* _Problem requirements_
Please write out exactly the line containing "1980,81 & 82 US PROOF SETS NO BOXES" below and every line after it, through the last one, but leave out any pictures.

* _Records from a data source_
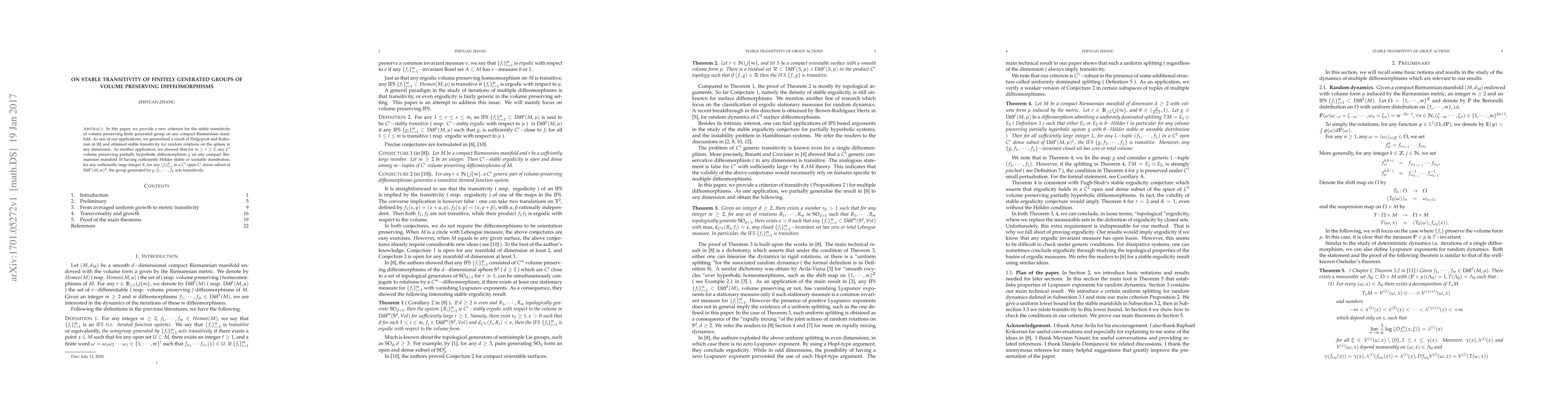 In this paper, we provide a new criterion for the stable transitivity of volume preserving finite generated group on any compact Riemannian manifold. As one of our applications, we generalised a result of Dolgopyat and Krikorian in \cite{DK} and obtained stable transitivity for random rotations on the sphere in any dimension. As another application, we showed that for $\infty \geq r \geq 2$, any $C^r$ volume preserving partially hyperbolic diffeomorphism $g$ on any compact Riemannian manifold $M$ having sufficiently H\"older stable or unstable distribution, for any sufficiently large integer $K$, for any $(f_i)_{i=1}^{K}$ in a $C^1$ open $C^r$ dense subset of $\textnormal{\Diff}^r(M,m)^K$, the group generated by $g, f_1,\cdots, f_K$ acts transitively.
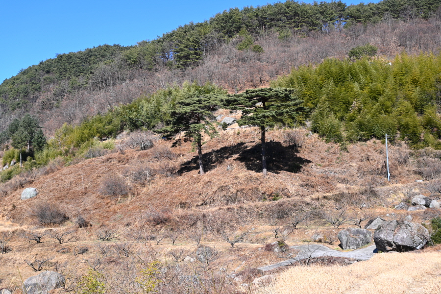 먹점마을을 품은 구재봉도 지난해 2월 산불이 나 1박 2일 동안 산림을 태웠다 합니다. 미점리 뒷산에서 처음 발생한 산불은 활공장을 넘어 구재봉 정상 직전까지 불길이 번졌습니다. 현재 불에 탄 나무를 모두 베어내 민둥산이 되었으며, 살아남은 소나무는 밑둥치에 불에 그슬린 흔적이 남아 있습니다.
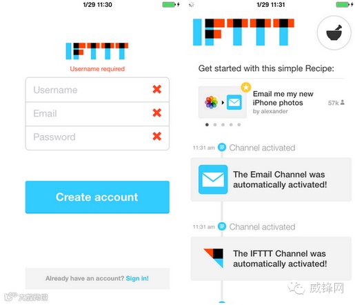 如果是平台服务性质的Trigger,比如Instagram或者《印象笔记》这些,则需要先授权才能支持。随后我们设定then引导的“反应”,也就是Recipe,例如发送邮件或者保存到云端。如图所示形成了一段语句“如果拍摄了一张新照片就发送一封邮件(到用户注册的邮箱)”。如此,当小编拍了一张新照片,就会很快收到一封邮件,邮件上说:你丫拍了一张新的照片。《IFTTT》的iPhone版还增加了支持对手机相册、通讯录、提醒事项的触发操作,比如对新添加的联系人发送“Nice meeting you”的邮件;将完成的提醒任务同步到Jawbone UP feed中。
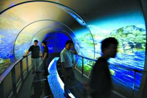 一走進(jìn)大廳,看到的是五座玻璃墻“巖石柱”,里面盡是各種各樣的巖石塊,原來這里展示的是公園地質(zhì)的五個時代,當(dāng)然,對小孩子來說,地史演化廳更加吸引人,深藍(lán)色的浩瀚宇宙,長長的時空隧道,通過光影等高科技手段,領(lǐng)略地球的形成歷史,并感受從一片洪荒世界到人類文明的發(fā)展過程。
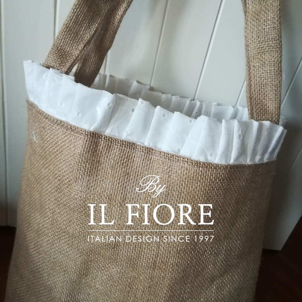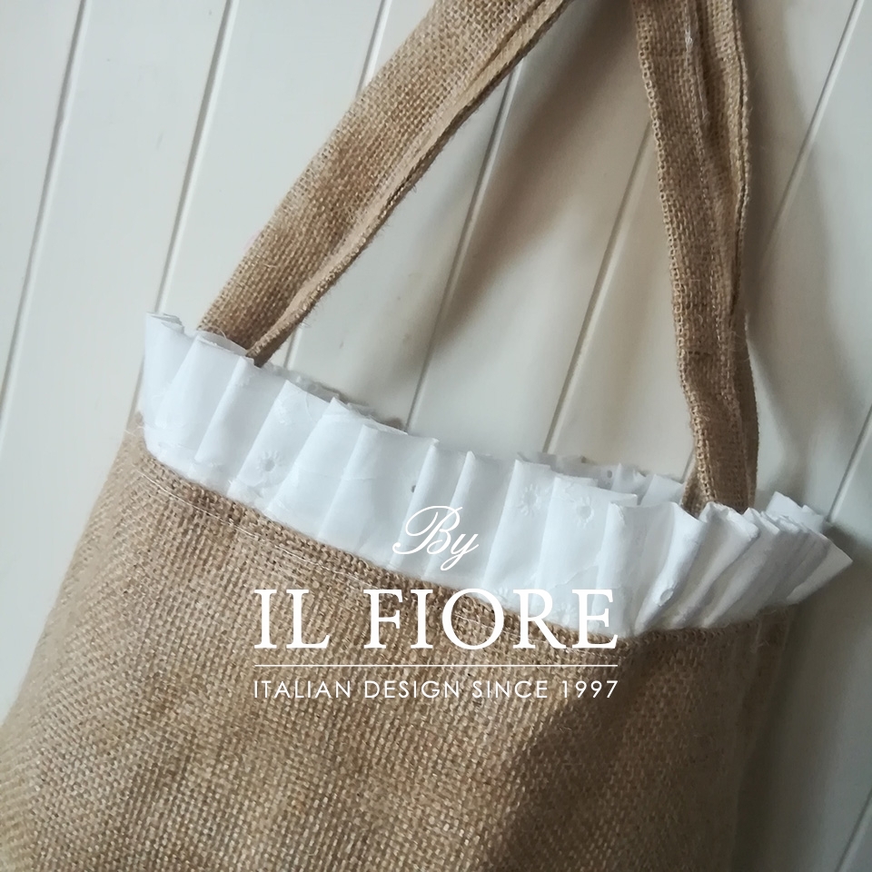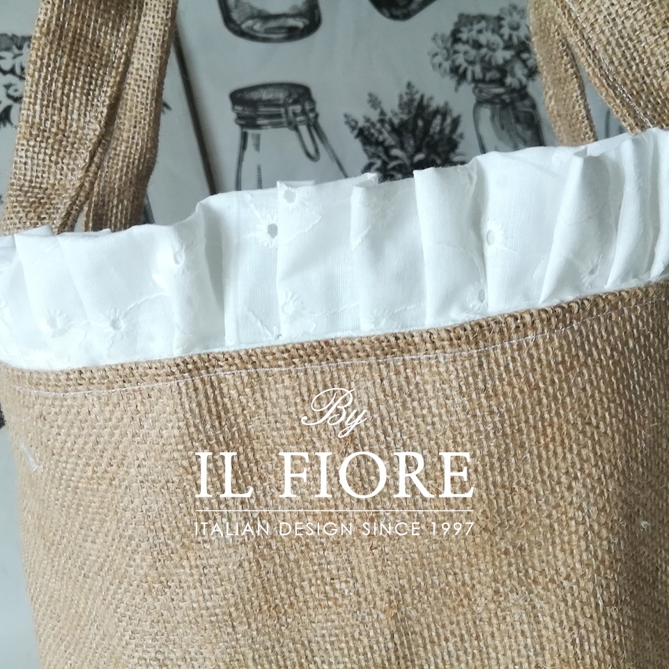 Borsa donna in juta naturale con manici in juta, decorata con raffinatissimo Sangallo, il tutto realizzato a mano.
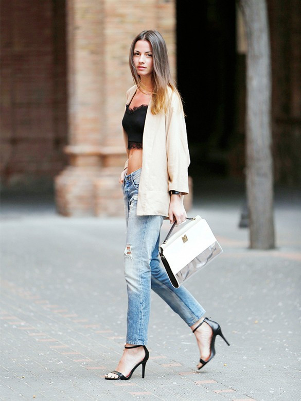 Áo crop top với quần Jeans boyfriend cho vẻ đẹp năng động.
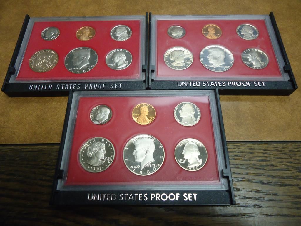 1980,81 & 82 US PROOF SETS NO BOXES
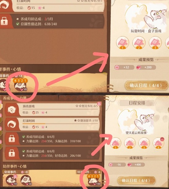 这次开始认真养,同时进行力量和头脑的培训,开创力量和头脑对应的游玩设施,睡觉吃饭这种恢复体力的也可以安排上,把力量和头脑刷到A,同时把对应两种设施各玩十遍,达成后又开始无脑刷亲密度就行
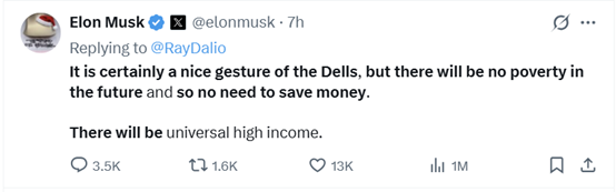“戴尔夫妇的举动无疑是善举,但未来将不再有贫困,因此存钱也会失去意义。届时,全民高收入时代终将到来。”马斯克在其社交平台X上发文称。
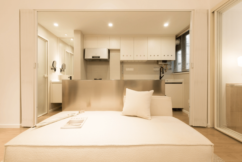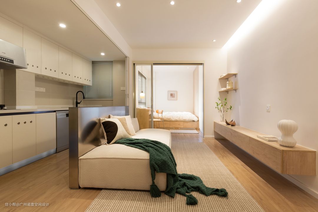 厨房与客厅的隔墙拆除后,中间利用窄吧台隔开厨房与客厅空间,也可作为沙发靠背使用。 利用卧室玻璃推拉门的通透性营造假象,使得整体空间看起来更大,视野更为广阔; #吧台#客厅#沙发#玻璃门
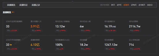 因为一边直播带货,一边秀英语、讲文史,董宇辉吸引了大批网友的关注,让“东方甄选”直播间的热度飙升。据新抖数据(新榜旗下抖音数据平台 xd.newrank.cn)统计,近30天,“东方甄选”涨粉1587万,累计观看人次1.97亿,累计销售额4.12亿元。
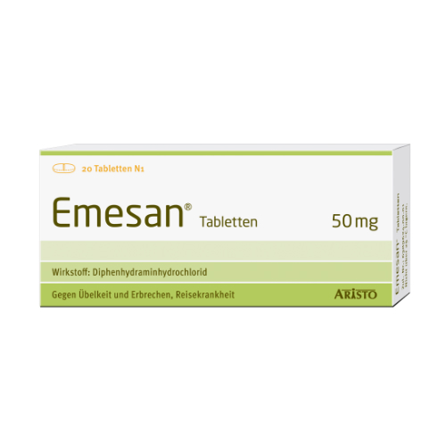 Die Emesan Tabletten werden zur Behandlung von Schwindelzuständen und Übelkeit angewendet. Die Tabletten enthalten den Wirkstoff Diphenhydramin. Zu Schwindel und Übelkeit kommt es häufig durch eine Störung der Funktion des Gleichgewichtsorgans. Bei dem Wirkstoff handelt es sich um ein Antihistaminikum, welches in der Lage ist die Wirkung des Histamins zu blockieren und somit die Reize vom Gleichgewichtsorgan fern zu halten. Außerdem üben die Emesan Tabletten einen direkt hemmenden Effekt auf das Brechzentrum im Gehirn aus, wodurch sie auch zur Behandlung von Übelkeit und Erbrechen anderer Ursachen geeignet sind.
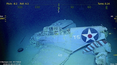 这张由微软创始人之一保罗·艾伦提供的照片显示的是3月4日在澳大利亚附近海底拍摄的二战美国海军“列克星敦”号航母舰载飞机的残骸。

* _Solution to this problem_
 1980,81 & 82 US PROOF SETS NO BOXES
 这次开始认真养,同时进行力量和头脑的培训,开创力量和头脑对应的游玩设施,睡觉吃饭这种恢复体力的也可以安排上,把力量和头脑刷到A,同时把对应两种设施各玩十遍,达成后又开始无脑刷亲密度就行
“戴尔夫妇的举动无疑是善举,但未来将不再有贫困,因此存钱也会失去意义。届时,全民高收入时代终将到来。”马斯克在其社交平台X上发文称。
 厨房与客厅的隔墙拆除后,中间利用窄吧台隔开厨房与客厅空间,也可作为沙发靠背使用。 利用卧室玻璃推拉门的通透性营造假象,使得整体空间看起来更大,视野更为广阔; #吧台#客厅#沙发#玻璃门
 因为一边直播带货,一边秀英语、讲文史,董宇辉吸引了大批网友的关注,让“东方甄选”直播间的热度飙升。据新抖数据(新榜旗下抖音数据平台 xd.newrank.cn)统计,近30天,“东方甄选”涨粉1587万,累计观看人次1.97亿,累计销售额4.12亿元。
 Die Emesan Tabletten werden zur Behandlung von Schwindelzuständen und Übelkeit angewendet. Die Tabletten enthalten den Wirkstoff Diphenhydramin. Zu Schwindel und Übelkeit kommt es häufig durch eine Störung der Funktion des Gleichgewichtsorgans. Bei dem Wirkstoff handelt es sich um ein Antihistaminikum, welches in der Lage ist die Wirkung des Histamins zu blockieren und somit die Reize vom Gleichgewichtsorgan fern zu halten. Außerdem üben die Emesan Tabletten einen direkt hemmenden Effekt auf das Brechzentrum im Gehirn aus, wodurch sie auch zur Behandlung von Übelkeit und Erbrechen anderer Ursachen geeignet sind.
 这张由微软创始人之一保罗·艾伦提供的照片显示的是3月4日在澳大利亚附近海底拍摄的二战美国海军“列克星敦”号航母舰载飞机的残骸。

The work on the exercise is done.